An einem verregneten Dienstag steht Wilhelm Eimers auf dem Feld in Gladbeck. Zwischen Minigolfplatz und Acker hat er sein Hauptquartier gefunden: das Leistungszentrum für Ballonsport. „Hier starten 50 Prozent aller Gasballon-Fahrten der Welt“, sagt er. Unter seiner Jacke lugt eine Krawatte mit Ballonmotiven hervor. Rund 20 Stück hat er im Schrank. Aus vielen Ländern kommen die Fahrer, um von Eimers, der auch Ausbilder ist, zu lernen. Ob Gas- oder Heißluftballon – Eimers beherrscht beides. Doch mit der Gasvariante hat er seine Erfolge gefeiert.
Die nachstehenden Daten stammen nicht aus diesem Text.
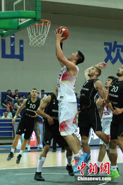 7月19日,玛吉斯杯中欧男篮对抗赛次日赛事展开争夺,中国男篮以72比67战胜德国队,赢得本站赛事首胜。王哲林回归先发位置,并在上半场表现出色砍下了11分5篮板。但由于下半场犯规过多,没能再有出彩表现。郭艾伦表现抢眼,全场拿到20分9次助攻,成为中国男篮历史上第一个打出这一数据的球员。中新社发 傅正升 摄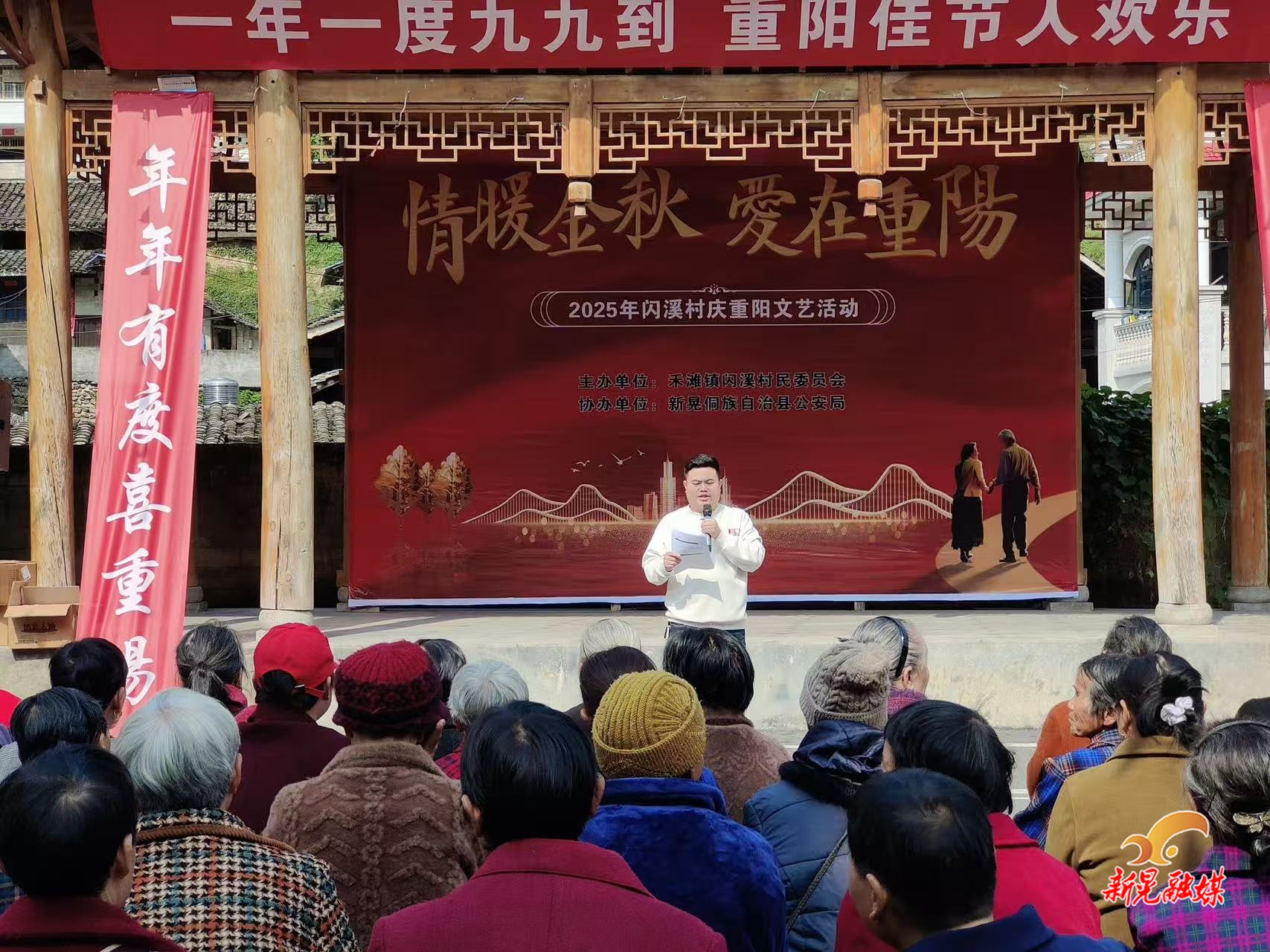 新晃融媒10月30日讯(通讯员:蒲美岑)金菊送清芬,秋阳暖高龄。为大力弘扬中华民族尊老、敬老、爱老、助老的传统美德,铸牢中华民族共同体意识,10月29日,禾滩镇闪溪村党总支部牵头组织了一场以“情暖金秋 爱在重阳”为主题的重阳节庆祝活动。活动将健康义诊、知识普及与文艺汇演有机结合,为全村老年人送上了暖心实在的“三重礼”,现场欢声笑语不断,暖意融融。

Der Weltmeisterballon von Eimers kostet 80 000 Euro
Angetrieben wird sein Ballon mit 1000 Kubikmeter Wasserstoff, beschwert mit Sandsäcken, die zur Höhenregulierung je nach Windverhältnissen geleert werden. Insgesamt kostet ein Ballon wie ihn Eimers fährt 80 000 Euro. Prämien für die großen Siege gibt es keine mehr – „dafür 3000 Euro Nenngeld“, sagt Eimers. Trotzdem hält es den ehemaligen Brandschutzmeister nicht am Boden.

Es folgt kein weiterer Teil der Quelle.